The "Expansion of Space" is an epistemological (teaching) device which makes no sense in language except as a local effect in descriptions of the movement of objects (as in, "they expanded the space in the living room by moving the couch into the dining room, thereby decreasing the space available there"), and is, consequently, even less likely to make sense in mathematics, which is generally much more rigorous. Attempts to make the "EoS" expression meaningful often involve elaborations of it as "an expansion of the metric", but neither the metric (an abstraction) nor space itself are physical objects, as physicality only characterizes objects observably comprised of, or bounded by, matter and / or energy (which are interchangeable as mass, in relativistic physics).
Cosmological models that explain a locally-apparent expansion of space using 1915's General Relativity alone tend to rely on "dark energy" or "repulsive gravity" for driving the astronomical objects apart and thereby explaining the redshift. The model which takes the most advantage of Einsteinian relativity is Nikodem Poplawski's "cosmology with torsion" (described in numerous papers, written between 2010 and 2021, whose preprints can be found by his name in Cornell University's "Arxiv" website). However, Poplawski's model uses Einstein-Cartan Theory, developed by Einstein and the French mathematician Elie Cartan in 1929, a few years after the discovery of particulate spin. His model applies it in the context of the gravitational collapse of large stars into black holes after their exhaustion of their nuclear fuel has left them with insufficient radiation pressure to prevent it. (As most stars are in binary pairs, there's astronomical evidence of such collapses having occurred at least 90 times within our observable region, as the surviving star in such pairs continues to follow their elliptical orbits.)
ECT, sometimes known as ECSK or ECKS after modifications to it by Sciama and Kibble in the 1960's, differs from GR primarily in an assumption that fermions (matter particles) are not absolutely "point-like" but, instead, have a tiny spatial extent. In Poplawski's model, the trajectories of fermions newly-materialized by the gravitational field (thru their separation from partners in virtual particle / antiparticle pairs by the outward-propagating event horizon of the collapsing star) are reversed and greatly accelerated thru interaction with the (vastly larger) stellar fermions, and form a new "local universe" whose shape Poplawski has compared to the skin of a basketball.
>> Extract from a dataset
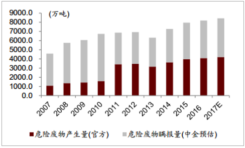 ? ? 危廢生產(chǎn)量逐年上升,從 2011 年的 3,431.2 萬(wàn)噸上升到 2015 年的 3,976.1 萬(wàn)噸,復(fù)合增長(zhǎng)率約為 3%。但是需要注意的是《統(tǒng)計(jì)公報(bào)》采用的是企業(yè)申報(bào)的方法,因此我們認(rèn)為這個(gè)數(shù)據(jù)遠(yuǎn)遠(yuǎn)低于真實(shí)情況。最直接的對(duì)比就是《第一次全國(guó)污染源普查公告》中統(tǒng)計(jì)的 2007 年工業(yè)危廢產(chǎn)生量為4,573.69 萬(wàn)噸,遠(yuǎn)遠(yuǎn)高于當(dāng)年環(huán)保部公布的 1,079 萬(wàn)噸。 2011 年,環(huán)保部大幅修改統(tǒng)計(jì)口徑,擴(kuò)大申報(bào)范圍,當(dāng)年《統(tǒng)計(jì)公報(bào)》披露危廢產(chǎn)生量 3,431 萬(wàn)噸相比 2010 年 1,586萬(wàn)噸上升一倍有余。即使在這樣的情況下,該數(shù)據(jù)依舊遠(yuǎn)遠(yuǎn)小于《普查公告》數(shù)據(jù)。我們根據(jù)工業(yè)增加值的增長(zhǎng)來估計(jì)實(shí)際危廢產(chǎn)生量, 2007 年工業(yè)增加值約為 11.16 萬(wàn)億。2016 年工業(yè)增加值上升到 24.79 萬(wàn)億,復(fù)合增長(zhǎng)率約為 9.26%。如果考慮到企業(yè)減排和循環(huán)利用的因素,我們適當(dāng)調(diào)低危廢產(chǎn)生增速, 2016 年我們預(yù)期的危廢實(shí)際產(chǎn)生量也達(dá)到了 8100 萬(wàn)噸。行業(yè)內(nèi)普遍預(yù)期實(shí)際產(chǎn)生量應(yīng)該在 1 億噸/年。

The genesis of the local universes (including our own, whose "observable region" might form a very small part of it) within a black hole has some other advantages, since its causal separation would eliminate such inconveniences as the eventual arrival of photons (light and heat) from a multiverse possibly infinite in size. That infinity in size can be consistently accompanied by a past- and future-eternality in the relativistic "block universe" view of time, which has brought Poplawski's model into some conflict with state and private universities in a number of jurisdictions, where lack of a "creation event" (other than the local one, like our own Big Bounce) remains contrary to locally-prevalent philosophical views.
Another problem for his model may be the sequential decreases in scale which it implies, in a world where (we're hoping!) "size matters".